Why Scientists Need to Fail Better - ernestosoo
http://nautil.us/issue/30/identity/why-scientists-need-to-fail-better
======
ernestosoo
CK Dexter • 10 months ago Oh for crying out loud. If you want to interpret the
meaning, READ THE WHOLE DAMN PASSAGE. Not one mention of the surrounding txt,
not a single quote of Beckett's actual words beyond the familiar soundbite.

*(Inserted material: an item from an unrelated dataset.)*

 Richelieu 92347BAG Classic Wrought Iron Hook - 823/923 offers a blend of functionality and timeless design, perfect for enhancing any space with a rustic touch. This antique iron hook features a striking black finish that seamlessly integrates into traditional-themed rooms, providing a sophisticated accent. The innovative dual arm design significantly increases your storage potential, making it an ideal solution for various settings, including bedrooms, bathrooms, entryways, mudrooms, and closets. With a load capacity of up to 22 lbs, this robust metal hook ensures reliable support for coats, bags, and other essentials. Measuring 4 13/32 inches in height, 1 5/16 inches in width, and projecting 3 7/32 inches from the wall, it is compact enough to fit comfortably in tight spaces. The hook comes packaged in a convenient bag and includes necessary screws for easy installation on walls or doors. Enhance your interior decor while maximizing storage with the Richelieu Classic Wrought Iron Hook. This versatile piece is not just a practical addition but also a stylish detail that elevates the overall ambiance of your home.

If you read the whole piece, or even just the whole paragraph, it's clear
THERE ARE NO MORALES TO BE DRAWN, it is not normative but descriptive, it
tells us not what we ought to do but what the entire natural order does and
will do: fail, get sick, throw up, and die once and for all, never to rise
again.

It's about the absolute and final fact of mortality, the ontological unreality
of progress of any kind. The total cosmic triviality of change, not its
celebration.

But hey, that's just one interpretation. It might be wrong, but AT LEAST I
READ THE DAMN THING.

Here's the original context of the quote:

"Say a body. Where none. No mind. Where none. That at least. A place. Where
none. For the body. To be in. Move in. Out of. Back into. No. No out. No back.
Only in. Stay in. On in. Still....

Somehow on. Till sick of both. Throw up and go. Where neither. Till sick of
there. Throw up and back. The body again. Where none. The place again. Where
none. Try again. Fail again. Better again. Or better worse. Fail worse again.
Still worse again. Till sick for good. Throw up for good. Go for good. Where
neither for good. Good and all...

All of old. Nothing else ever. But never so failed. Worse failed. With care
never worse failed."